93-letni Sobiesław Zasada i 97-letni Longin Bielak wsiedli do Malucha i ruszyli z Bielska-Białej do miejsca znanego z rajdów — Monte Carlo. To już ich drugi wspólny wyjazd tymi małymi samochodami po Europie, choć tym razem w szczytnym celu, bo jadą na pomoc dzieciom poszkodowanym w wypadkach drogowych.

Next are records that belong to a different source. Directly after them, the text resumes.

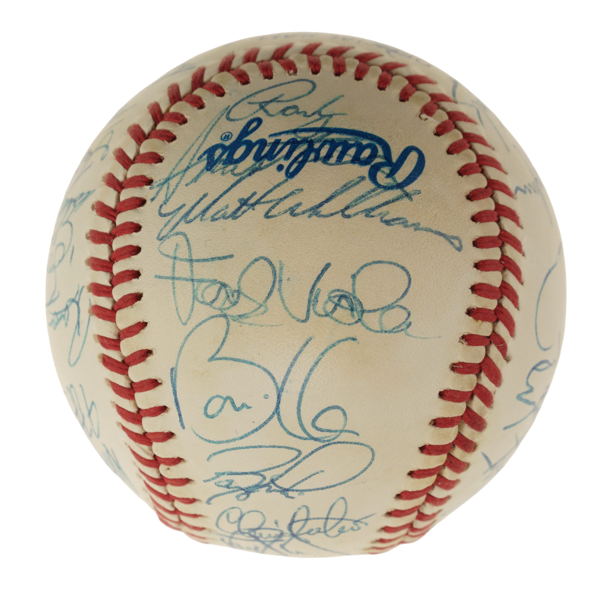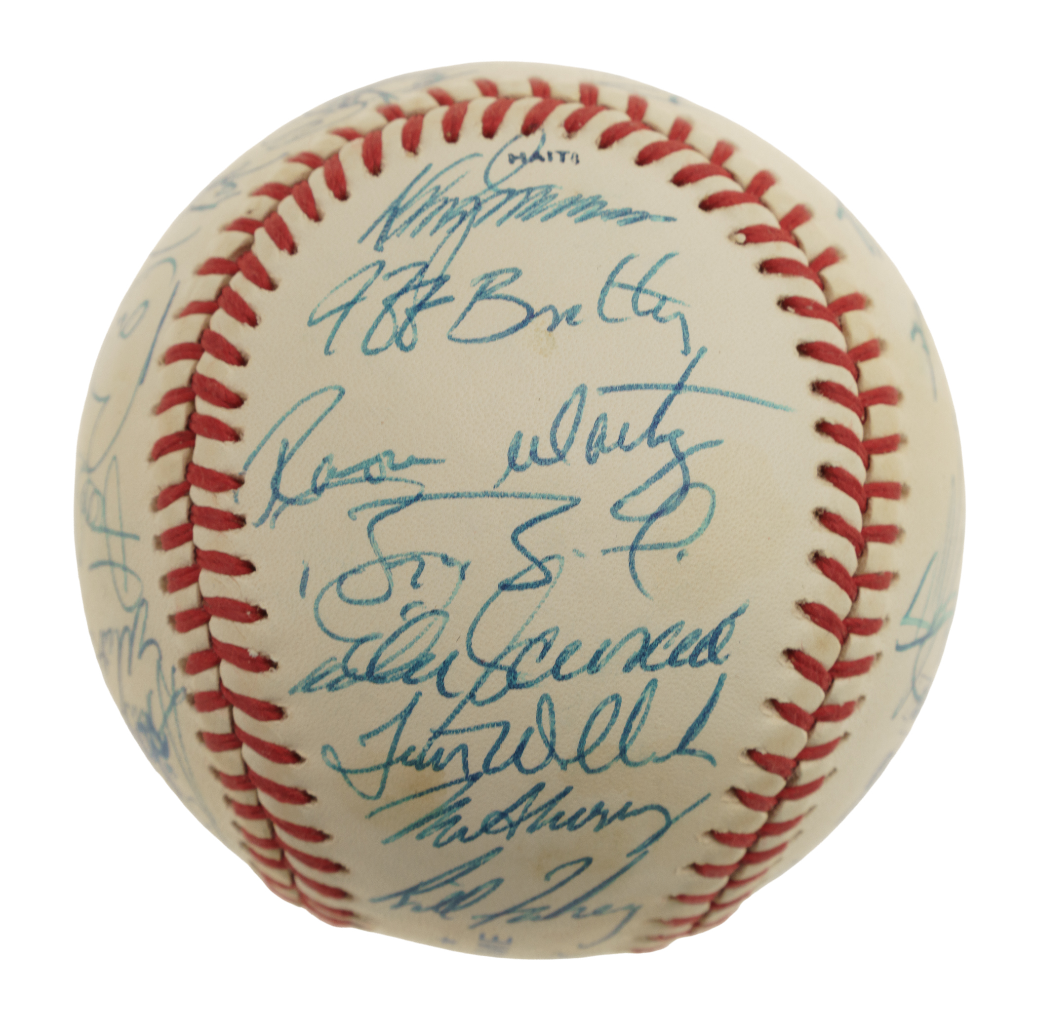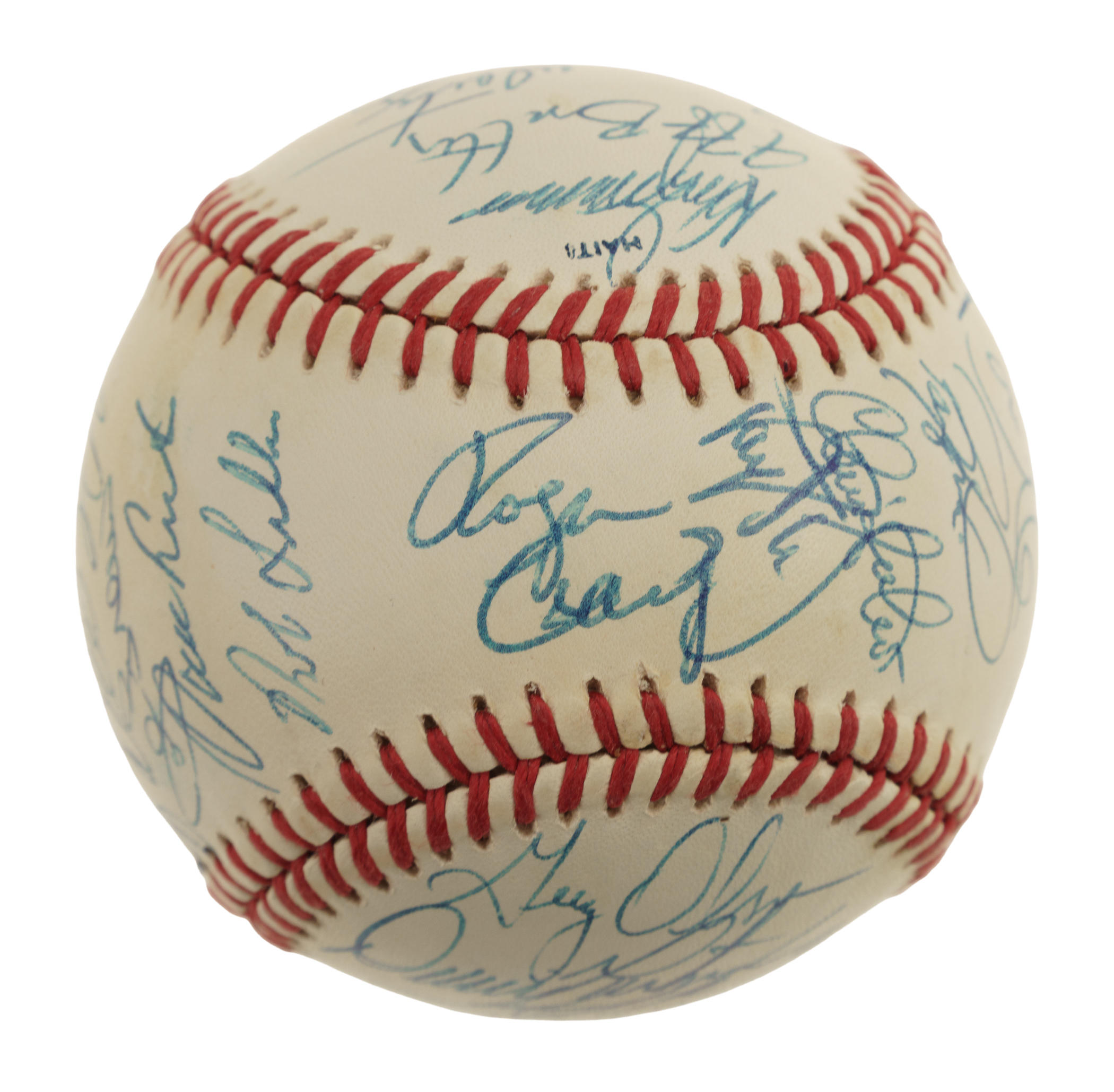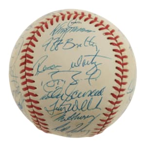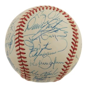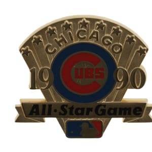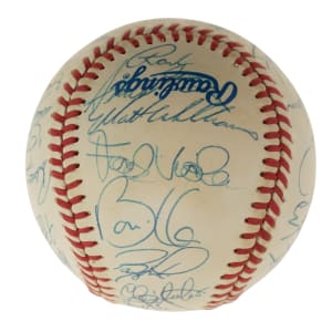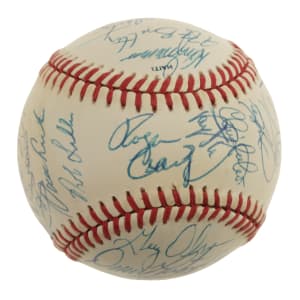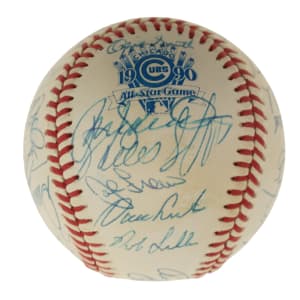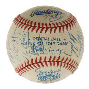 Official 1990 All-Star Game baseball signed in blue ink by 29 members of the 1990 National League All-Star team, including Roger Craig (Mgr., sweet spot), Ozzie Smith, Barry Bonds, Tim Wallach, Frank Viola, Matt Williams, Chris Sabo, Darryl Strawberry, Benito Santiago, Will Clark, Rob Dibble, Len Dykstra, Ramon Martinez, Mike Scioscia, Andre Dawson, Roberto Alomar, Tony Gwynn, Greg Olson, Dennis Martinez, Jeff Brantley, and John Franco. Also included is a press pin from the All-Star game (Nr/Mt). The ball displays a few small spots of toning but is otherwise in Near Mint condition. Auction LOA from James Spence/JSA. Total: 2 items (signed baseball and press pin).
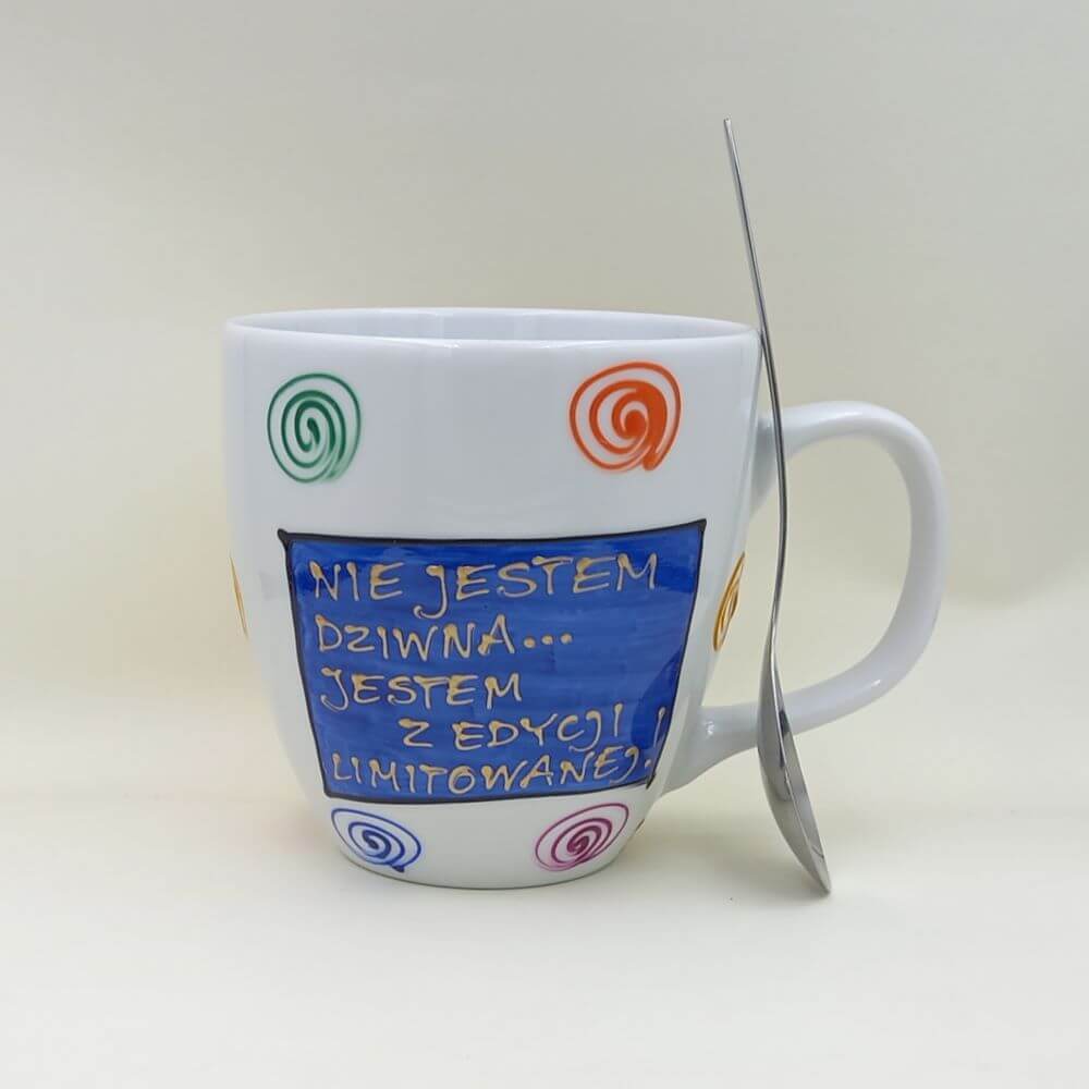 Ręcznie malowany, duży kubek 450 ml „Nie jestem dziwna…”
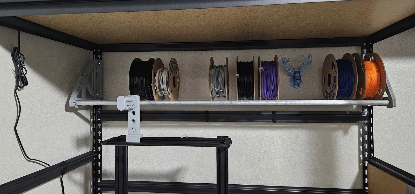 Tôi muốn có một cách hay để gắn RepRack phía trên máy in của mình trong không gian chưa sử dụng (lãng phí) ở khu vực thuận tiện. Tôi đã tạo phiên bản hai kẹp để yên tâm về độ cứng cấu trúc, vì kệ nằm ngay phía trên máy in.
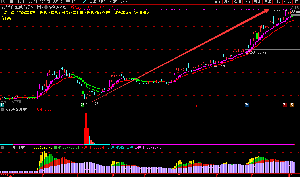 主图含有画线函数DRAWLINE,属于未来函数,介意的请谨慎下载。
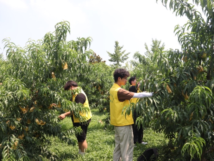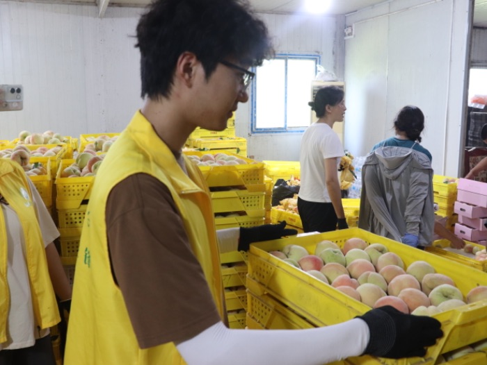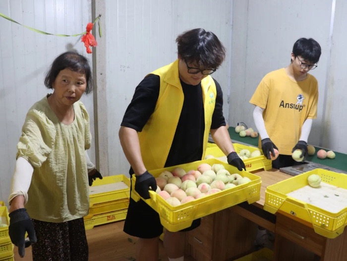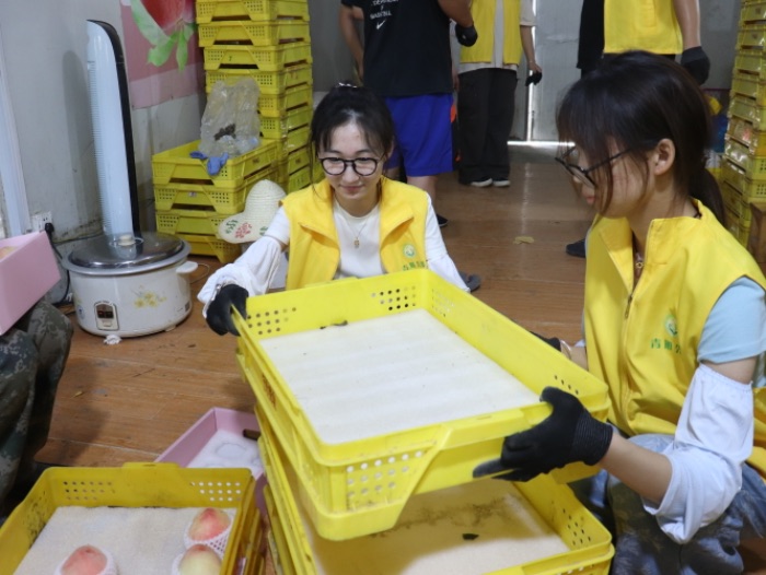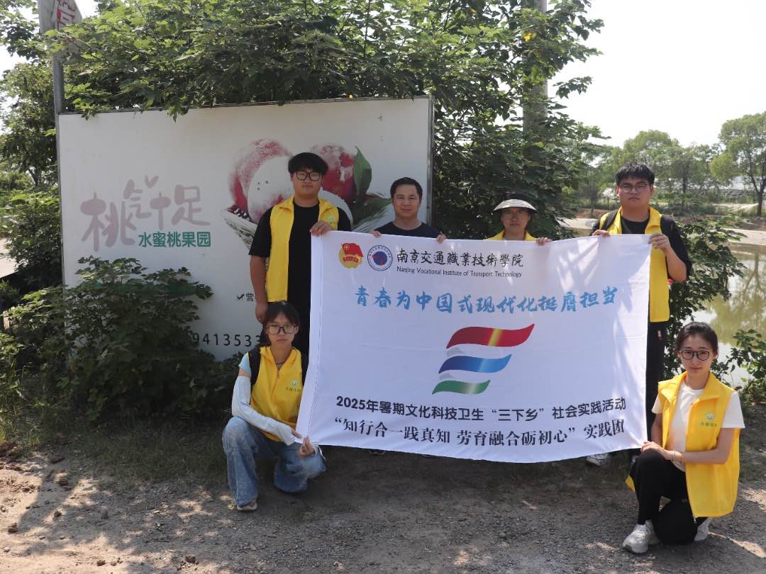 实践团队成员与桃园负责人及当地果农进行深入交流,调研水蜜桃等特色农产品的情况。“桃气十足”桃子种植基地位于江宁区徐慕村,占地200余亩,以阳山水蜜桃等优质品种为主,坚持多品种、有机化种植,专业果农精心管理,年产量达20万袋,产品主要销往无锡等地区。果园深化与当地农村合作,加入农村种植合作社,有效带动了农民增收与区域经济发展。 为更真切地了解一线生产实况,团队成员深入果园、生产车间,亲身体验了从采摘、分拣、包装到运输的完整劳作流程。 v 此次“三下乡”暑期社会实践活动,远不止于一场调研。这份“田间课堂”的淬炼,不仅深化了学子们对农业产业链的理解,锤炼了吃苦耐劳的意志品质,提高了学生的劳动精神和劳动能力,更在“知行合一”中厚植了服务乡村振兴的赤子情怀。

Wraz z nimi podróżuje w sumie 35 załóg, również jadących "kaszlakami", a cały przejazd jest zorganizowany przez Sobiesława Zasadę, Rafała Sonika i Kajetana Kajetanowicza, którzy wzięli w nim udział. W sumie przed nimi było 4 tys. km z Bielska-Białej do Monte Carlo i z powrotem do Polski. Wyruszyli 4 lipca, a po pięciu dniach dotarli do półmetka i zameldowali się w Monako.

Pojechali po 1 mln zł

Wszyscy uczestnicy pojechali, by pomagać najmłodszym ofiarom wypadków drogowych. Chcą w tym celu zebrać 1 mln zł, a pieniądze zbierają za pomocą zrzutki, a także różnego rodzaju aukcji. Można m.in. wylicytować Fiata 126p, przejażdżkę Dodgem Viperem, kilkudniowe wakacje w Polsce czy cenne przedmioty uczestników wyprawy. W sumie jest zaoferowanych 18 nagród, na które trwa licytacja.

Jeszcze po zakończeniu całej podróży będzie można licytować proponowane nagrody i oferty. Ponadto każdy może po prostu wpłacić datek na ten szczytny cel.

W momencie pisania tekstu zbiórka osiągnęła ponad 150 tys. zł, a licznik cały czas bije. Zrzutka została utworzona przez Fundację STARS4STARS założoną przez Rafała Sonika, która skupia się na wychowaniu, rozwoju oraz nauce dzieci i młodzieży.